D’autres choix étaient pourtant possibles au début des années 2010. Il y avait un autre scenario présenté par l’INSEE, celui du « partage ». Il imaginait que l’optimisation de l’offre régionale de transport atténue les effets distance à l’intérieur de la région et permet un développement plus homogène. « Les territoires moins attractifs au début des années 2000 bénéficient davantage de l’attractivité de la Bretagne et de la redistribution de la population à l’intérieur de la région. La pression foncière se diffuse également. […]. Cette simulation réduit les inégalités de peuplement. ».

Ce scénario du « partage », plus équilibré, n’avait pas été retenu. De notre point de vue, il est nécessaire, indispensable de le remettre à l’ordre du jour.

Un aménagement de la Bretagne plus solidaire et plus partagé c’est le meilleur moyen de mieux répartir l’installation des populations sur l’ensemble du territoire breton, mais aussi au sein de la Métropole.

C’est le meilleur moyen de ralentir un peu le rythme de transformation de notre ville, de pouvoir lever un peu le pied sur le rythme de construction et mettre ce temps à profit pour bâtir un projet de territoire pleinement partagé avec les habitants. Un projet de territoire sur lequel nous pourrons tous garder prise.

C’est aussi le meilleur moyen de construire sereinement une ville dense, mais qui reste à taille humaine, qui soit plus végétale et solidaire.

Le nouveau plan local d’urbanisme est un bon cadre qui permet de penser la transition écologique et solidaire de notre ville.

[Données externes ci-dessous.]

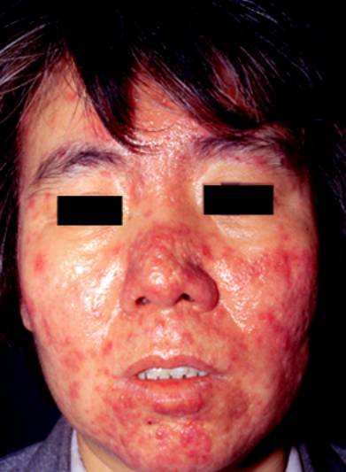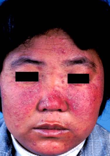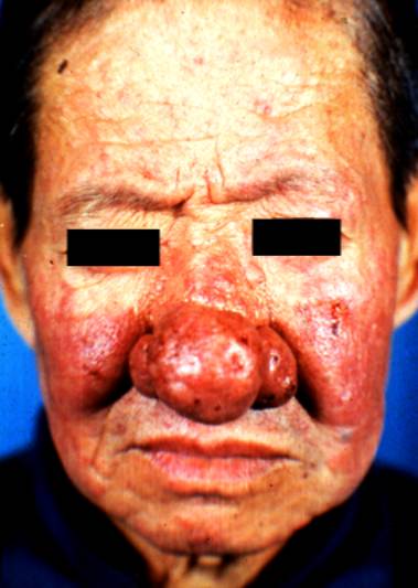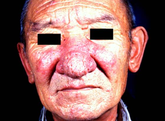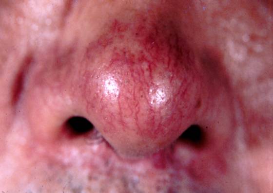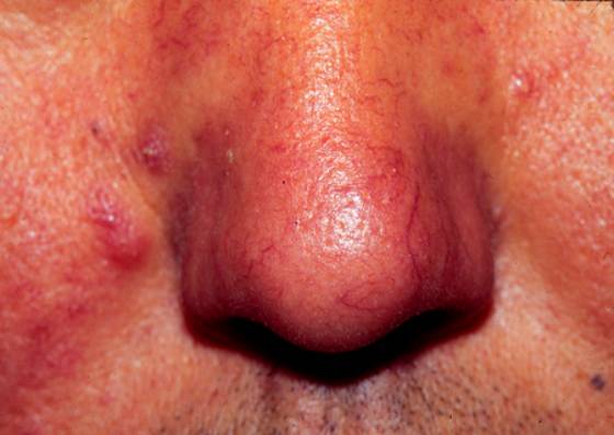 3.临床分三期。红斑期:鼻及其周围皮肤红斑,初为复发性,继而逐渐发展成持续性,伴毛细血管扩张;丘疹脓疱期:在红斑的基础上发生红色丘疹、脓疱,迁延反复;鼻赘期:晚期患者鼻头肥大增生呈结节状,表面毛孔扩张,毛细血管扩张明显。此期仅见于男性。

Ce, cadre partagé ne prendra tous son sens que s’il sait tenir compte pleinement de la parole habitante qui s’exprime de plus en plus fortement aujourd’hui et qui nous invite à faire autrement.

Aussi, à l’image du mouvement des Slow cities, nous appelons à ce que Rennes sache aussi prendre le temps de son développement, pour une évolution, une transformation qui soit pleinement maîtrisée.

Car c’est bien aussi cela la transition écologique, savoir enfin prendre en compte le temps long pour un développement vraiment durable et solidaire.